## What is expected
Go through the listing below and gather every line with the word "that".

## Dataset extract

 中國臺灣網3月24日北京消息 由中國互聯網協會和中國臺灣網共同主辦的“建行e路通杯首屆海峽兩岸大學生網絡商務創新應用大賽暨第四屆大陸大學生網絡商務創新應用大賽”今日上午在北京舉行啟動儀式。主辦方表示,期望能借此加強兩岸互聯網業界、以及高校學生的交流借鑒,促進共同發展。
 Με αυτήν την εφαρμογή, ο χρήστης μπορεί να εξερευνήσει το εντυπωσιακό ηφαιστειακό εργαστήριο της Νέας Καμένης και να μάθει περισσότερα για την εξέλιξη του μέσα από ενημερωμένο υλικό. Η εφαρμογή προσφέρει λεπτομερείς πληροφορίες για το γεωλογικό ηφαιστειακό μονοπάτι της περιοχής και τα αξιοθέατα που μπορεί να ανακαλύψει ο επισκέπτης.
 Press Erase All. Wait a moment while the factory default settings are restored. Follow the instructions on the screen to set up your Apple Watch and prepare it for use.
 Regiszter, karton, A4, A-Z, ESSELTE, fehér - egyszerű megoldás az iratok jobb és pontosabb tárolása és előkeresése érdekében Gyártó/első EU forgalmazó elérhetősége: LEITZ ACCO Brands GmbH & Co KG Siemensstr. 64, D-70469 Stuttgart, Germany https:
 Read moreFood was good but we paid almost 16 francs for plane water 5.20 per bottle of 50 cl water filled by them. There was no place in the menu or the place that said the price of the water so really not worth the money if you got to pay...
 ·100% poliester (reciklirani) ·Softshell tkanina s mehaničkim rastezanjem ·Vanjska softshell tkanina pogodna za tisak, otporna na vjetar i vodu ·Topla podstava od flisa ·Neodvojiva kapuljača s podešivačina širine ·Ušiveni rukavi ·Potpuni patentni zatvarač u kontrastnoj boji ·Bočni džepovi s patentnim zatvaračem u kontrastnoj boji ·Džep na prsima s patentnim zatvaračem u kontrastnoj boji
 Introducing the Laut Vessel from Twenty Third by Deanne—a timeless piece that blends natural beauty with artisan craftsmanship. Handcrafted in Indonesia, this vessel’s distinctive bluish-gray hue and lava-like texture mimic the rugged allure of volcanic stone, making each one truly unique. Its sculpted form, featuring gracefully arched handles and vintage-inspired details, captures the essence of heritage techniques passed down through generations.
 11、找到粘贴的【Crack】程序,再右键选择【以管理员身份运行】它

---

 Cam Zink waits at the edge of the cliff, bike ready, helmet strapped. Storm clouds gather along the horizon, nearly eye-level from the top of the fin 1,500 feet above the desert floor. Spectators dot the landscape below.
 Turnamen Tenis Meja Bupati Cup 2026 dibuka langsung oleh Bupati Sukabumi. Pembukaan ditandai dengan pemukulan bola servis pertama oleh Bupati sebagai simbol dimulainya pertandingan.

## Output of the task
 Read moreFood was good but we paid almost 16 francs for plane water 5.20 per bottle of 50 cl water filled by them. There was no place in the menu or the place that said the price of the water so really not worth the money if you got to pay...
 Introducing the Laut Vessel from Twenty Third by Deanne—a timeless piece that blends natural beauty with artisan craftsmanship. Handcrafted in Indonesia, this vessel’s distinctive bluish-gray hue and lava-like texture mimic the rugged allure of volcanic stone, making each one truly unique. Its sculpted form, featuring gracefully arched handles and vintage-inspired details, captures the essence of heritage techniques passed down through generations.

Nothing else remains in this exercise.